Foods that complement each other include whole-grain rice and beans, pasta with cheese, pita bread and hummus, and peanut butter on toast.

Plants that contain all the necessary amino acids in the necessary quantities include soya, quinoa, amaranth, spirulina algae, buckwheat, and chia seeds. Tofu has a well-deserved reputation as an alternative to meat, but increasing numbers of people are developing allergic reactions to it, Enders notes.

A simple reason why almost no one is allergic to meat, for example, is that humans themselves are made of meat, and so we generally have few problems digesting it.

Many bottles of salad dressings found in the supermarket contain fructose-glucose syrup (often known as corn syrup), which is harmful. Studies have shown that it can suppress the hormone named leptin that makes us feel satiated, even in people who are not fructose intolerant. A salad containing the same number of calories but with homemade vinaigrette or yogurt dressing all keep you full longer, according to the author.

The average American (and Israeli) consumes 80 grams of sugar per day. Our parents’ generation, consuming just honey on their toast, far fewer processed foods and a normal amount of fruit, ingested only around 16 to 24 grams per day. The neurotransmitter serotonin not only puts us in a good mood, it is also responsible for making us feel pleasantly full after a meal. Too much snacking is a side effect of fructose intolerance if it’s accompanied by other symptoms such as stomach aches.

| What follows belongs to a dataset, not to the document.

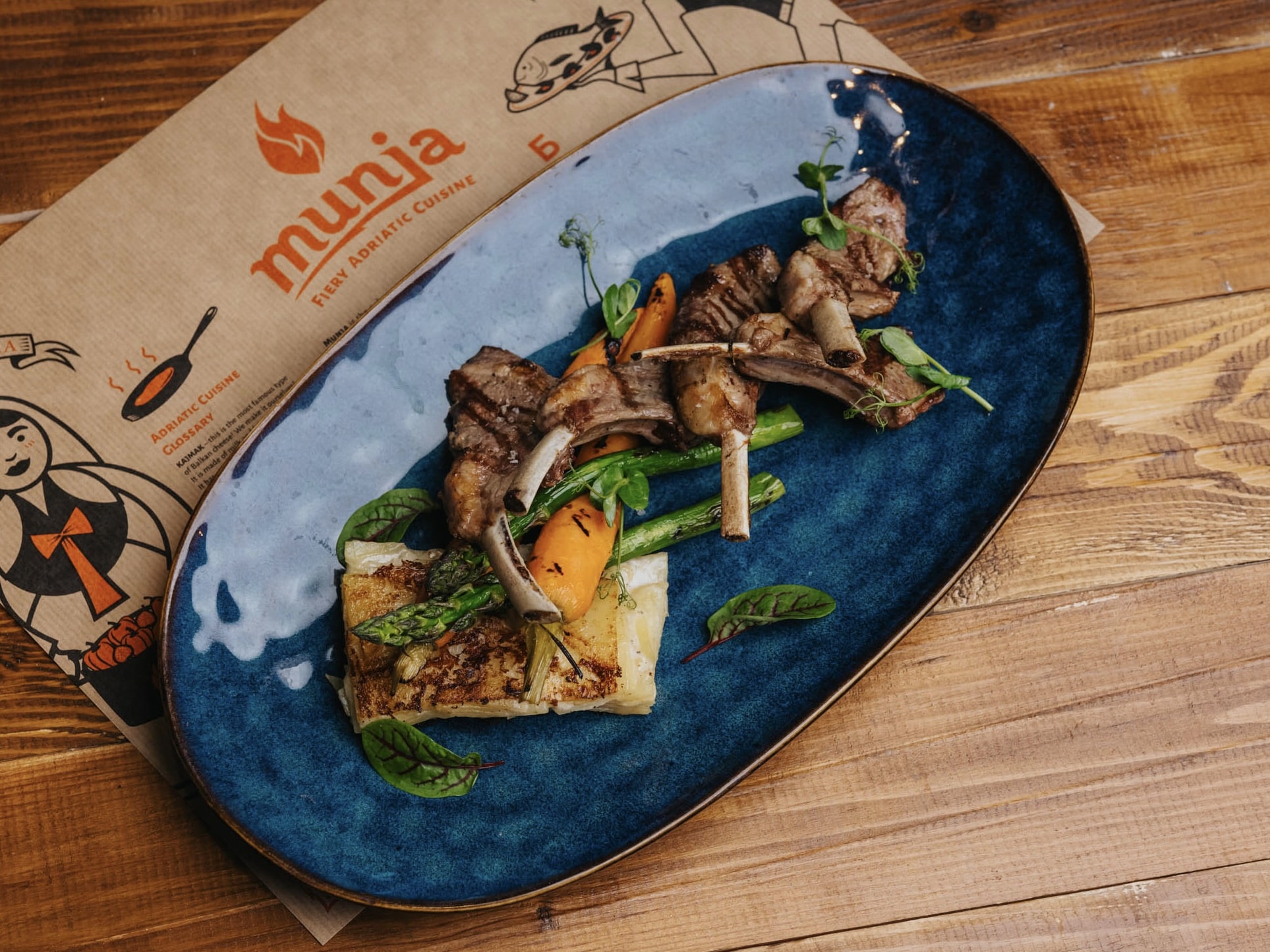 Krewetki z szynką dojrzewającą Pršut, figami karmelizowanymi, chilli, białym winem, rakiją, cebulą, czosnkiem i grzankami czosnkowymi

Curing meats with large amounts of nitrate salts was once the common way to ensure that people would not be poisoned by what they ate. But today, sausage and cold meats must now contain no more than 100 milligrams of nitrate per kilogram of meat, causing rates of stomach cancer to drop considerably. It’s best to avoid such foods completely.

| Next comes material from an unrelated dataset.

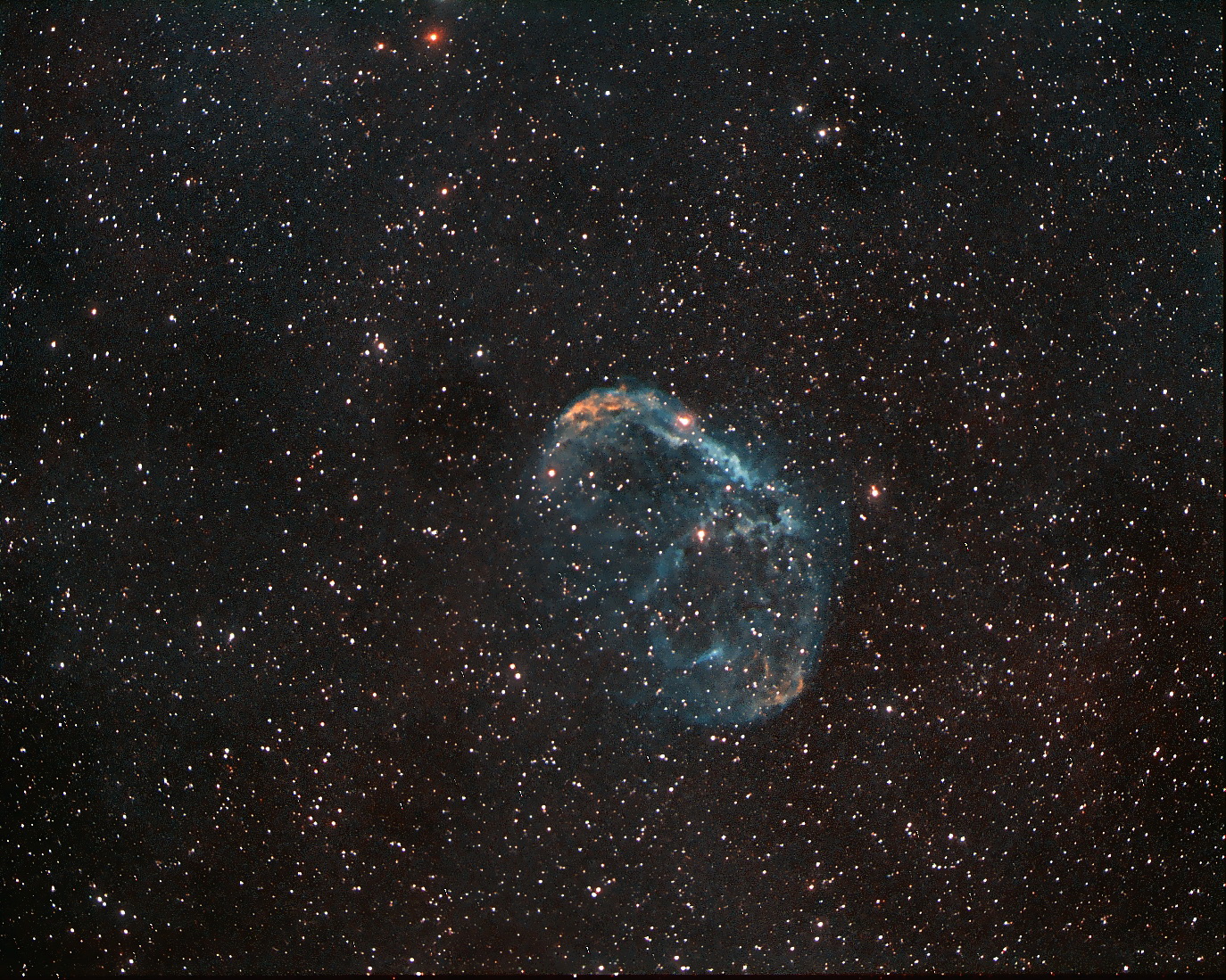 Dies ist eine Falschfarben-Aufnahme von NGC 6888, dem Sichelnebel. Er hat den Namen bekommen, weil man früher im sichtbaren Licht mit kleinen Teleskopen nur den helleren oberen Rand gesehen hat. Der Sichelnebel ist etwas ganz Besonderes und hat eine ausführlichen Betrachtung verdient, auch wenn dies nur eine kurze Beschreibung werden soll.

Our hunter-gather ancestors ate up to 500 different local roots, herbs, and other plants in a year; a typical modern diet includes just 17 different agricultural plants at most. It is not surprising that our gut has lots of problems with a dietary change of that scale.

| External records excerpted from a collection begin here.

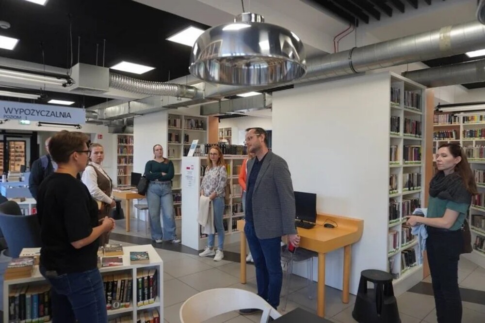Podczas wizyty goście mieli okazję odwiedzić nowoczesny budynek Miejskiej Biblioteki Publicznej, zlokalizowany w rewitalizowanym obiekcie starego młyna. Biblioteka powstała dzięki realizacji projektu pn. „Kolej przedsiębiorczości – rewitalizacja obiektów i przestrzeni dworca PKP i dawnego Młyna Elektrycznego w Żorach – etap II Spółdzielnia Kultury”. Uczestnicy poznali również działalność Biblioteki w nowym miejscu, której szczegóły przedstawił Dział Projektów i Marketingu MBP.
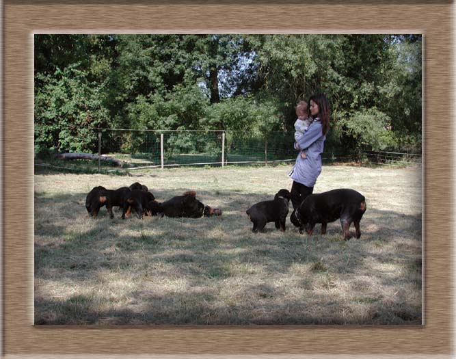 en train de mordiller les pattes de leur grand-père Gurun qui se roule dans l'herbe sous l'oeil d'Alizée , de sa mère et de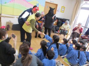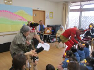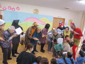「ももたろう」紙芝居と歌と劇を

Feces are not made up mostly of indigestible food waste, Enders writes. More than half consists of water, and one-third of bacteria, with a third containing indigestible vegetable fiber, remains of medicine, cholesterol, and food colors that the body wants to get rid of. The more fruit and vegetables you eat, the more feces you excrete in each bowel movement. Enders describes the differences in consistency and color of poop.

The microbiome (collection of huge numbers of bacteria – good and bad – in the gut), which was hardly known to the public only a few years ago, is the subject of a large amount of scientific research and public discussion. Taken together, our gut bacteria has 150 times more genes than a human being. Children born by cesarean section take months or even longer to develop a normal population of gut bacteria. Three-quarters of newborn babies who pick up typical hospital germs are those born by cesarean section. They also have an increased risk of developing allergies or asthma.

One American study showed that administering lactobacillus to those babies can reduce their risk of developing allergies. The same treatment has no effect at all on children born naturally.

By the age of seven, there is barely any discernible difference. But one’s microbiome can include bacteria that you “inherited” from your grandparents and parents, and antibiotics taken unnecessarily or in large amounts can destroy some of them.

In many countries like India or Spain, there is almost no regulation of the amount of antibiotics given to animals. This turns the animal’s guts into giant breeding zoos for resistant bacteria, and people in such countries have significantly more infections with multidrug-resistant strains. In Germany, regulations do exist, but even there the rules are ridiculously vague. This allows many vets to make a lot of money in the semi-legal “antibiotic trade,” Enders writes.

All of this is only the tip of the iceberg of the book. Dive into it and visit the museum for a serious but playful introduction to your digestive system.